Carensa managed a smile. “I hope the Old Ones got it right,” she said. “I wish we knew more about the manuscript’s author. It would be nice to know whether it really worked as planned.”
“We’ll figure it out, I have no doubt of it,” Quintrel said, nearly ecstatic with triumph. “And if this works, we have more manuscripts for you to work with.” He went to a shelf in the corner of the room full of scrolls and an odd assortment of objects and pulled out a silver bracelet in the shape of a serpent and a bone carved with runes, along with several parchment scrolls.
“You can start with these,” Quintrel said, handing the items to Carensa. “We’ve vetted the objects—they’re safe. But we’re not sure about the full range of their uses because no one can read the manuscripts where they’ve been mentioned.” He bestowed his most charming smile. “So we’re depending on you, my dear.”
“Master Quintrel!”
They looked up to see Havilend, a rotund, older man, standing just inside the doorway to the next room. He had been the mage calling for Quintrel’s attention before, and he looked terribly upset.
“What is it, Havilend?” Quintrel snapped.
“It’s Osten. You need to come quick.”
Grudgingly, Quintrel went where Havilend beckoned, and the other mages followed. Carensa looked down at the silver bracelet in the shape of a serpent and a bone carved with runes. The day is coming when I’ll need to make a stand, Carensa thought. I can’t fight Vigus with my translation magic! But if I had a weapon or two, I might be able to stop him with the right opportunity. It’s time to start gathering what Guran and I will need when it comes time to make our stand.
She wrapped the items Quintrel had given her in her shawl, then hurried to catch up with the others. Carensa tried to peer over the mages who had crowded around the room where they had taken Osten. Worry gnawed at her. Osten had been the mage who demonstrated the translocation spell. From Havilend’s expression, something had gone wrong.
“By the gods!”
“Charrot protect us!”
“Torven keep us!”
The mages murmured protections and prayers as they crowded into the small storage room off the main workroom. Osten—or what remained of him—heaved in a gelatinous blob on the stone floor. His features were flattened and distorted, as if his skin remained whole, but there were no longer bones supporting his body.
Osten was alive, trapped in his trembling flesh, unable to do more than moan, without bones to work his jaw. His eyes darted back and forth in panic, pleading.

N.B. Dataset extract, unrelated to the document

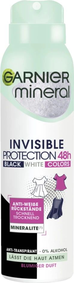Das Garnier Mineral Invisible Black, White Colors Spray sorgt für einen 48 h-Deo-Schutz und verhindert, dass sich Deo-Flecken auf der Kleidung absetzen. Gleichzeitig bietet das Anti-Transpirant einen intensiven Schutz vor Achselnässe und Körpergeruch – bis zu 48 Stunden lang. Die Formel des Sprays ist mit Mineralite* angereichert. So entsteht ein sehr langanhaltender und starker Trocken-Effekt – für ein frisches, sauberes Hautgefühl. Garnier Mineral Invisible Black, White Colors Spray klebt nicht und fühlt sich dank der erfrischenden, feinen Textur angenehm auf der Haut an.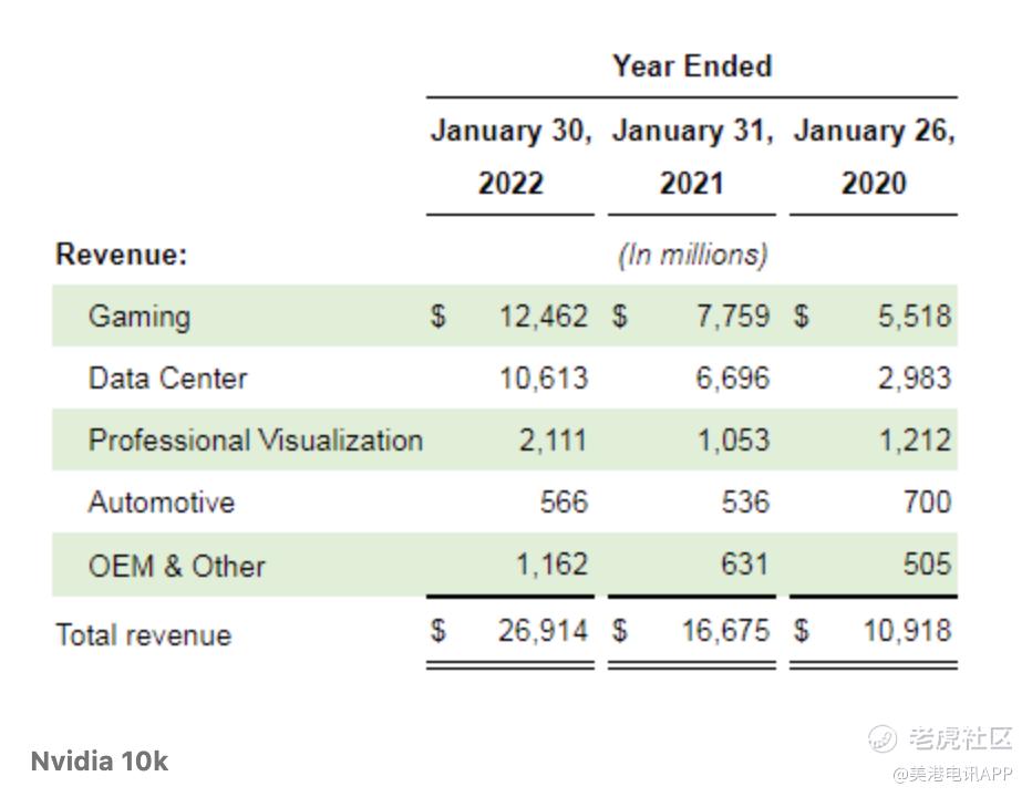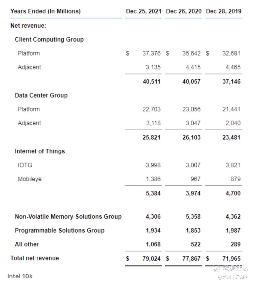 英伟达也有“游戏业务”,英特尔无此业务,又或者是埋没在像客户端计算事业部这样的大业务中。

“I don’t think the translocation artifact worked as well as we thought it did,” one of the mages behind Carensa observed.

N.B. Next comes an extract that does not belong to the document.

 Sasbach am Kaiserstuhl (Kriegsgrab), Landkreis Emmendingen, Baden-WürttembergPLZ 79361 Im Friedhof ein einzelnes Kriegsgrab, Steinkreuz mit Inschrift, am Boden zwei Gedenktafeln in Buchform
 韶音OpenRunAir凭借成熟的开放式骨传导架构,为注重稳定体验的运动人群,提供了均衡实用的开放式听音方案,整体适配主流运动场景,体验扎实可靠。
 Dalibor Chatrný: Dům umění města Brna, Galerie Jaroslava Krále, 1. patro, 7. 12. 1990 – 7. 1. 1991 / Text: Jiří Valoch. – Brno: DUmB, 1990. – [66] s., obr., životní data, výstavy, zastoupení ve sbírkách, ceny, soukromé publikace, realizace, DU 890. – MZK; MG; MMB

“We can’t just let him suffer like that!” Carensa argued.
But before she could protest, Osten’s shapeless body began to shudder violently, then started to come apart. Not in an explosion, but as if the invisible bonds that held his form together decided little by little to let go, scattering him in small, quivering bits, until he gave a final moan of agony and disassembled completely into a thick slurry on the stone floor.

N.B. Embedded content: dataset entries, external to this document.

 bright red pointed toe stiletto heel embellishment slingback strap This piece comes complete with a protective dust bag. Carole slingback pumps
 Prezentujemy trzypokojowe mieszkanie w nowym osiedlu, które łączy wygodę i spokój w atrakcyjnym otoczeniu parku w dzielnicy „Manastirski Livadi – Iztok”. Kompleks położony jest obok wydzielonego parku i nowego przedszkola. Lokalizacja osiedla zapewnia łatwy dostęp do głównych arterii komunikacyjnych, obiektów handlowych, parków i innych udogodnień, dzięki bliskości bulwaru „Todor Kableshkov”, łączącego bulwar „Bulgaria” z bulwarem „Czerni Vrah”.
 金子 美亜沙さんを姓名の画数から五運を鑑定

Vigus never vetted the object before he gave it to Osten, Carensa thought with a sick feeling in the pit of her stomach. The artifact Osten used was corrupted. It wouldn’t have worked for anyone. So I’d best be careful with the pieces he thought were safe to give me. But by Esthrane, I’ll find artifacts to help me bring Vigus down when the time is right. For Osten’s sake—and all the others.
Quintrel gave a frustrated snort, and turned on his heel. “Somebody get a mop and clean up the mess,” he said, striding past the astonished onlookers and out of the workroom.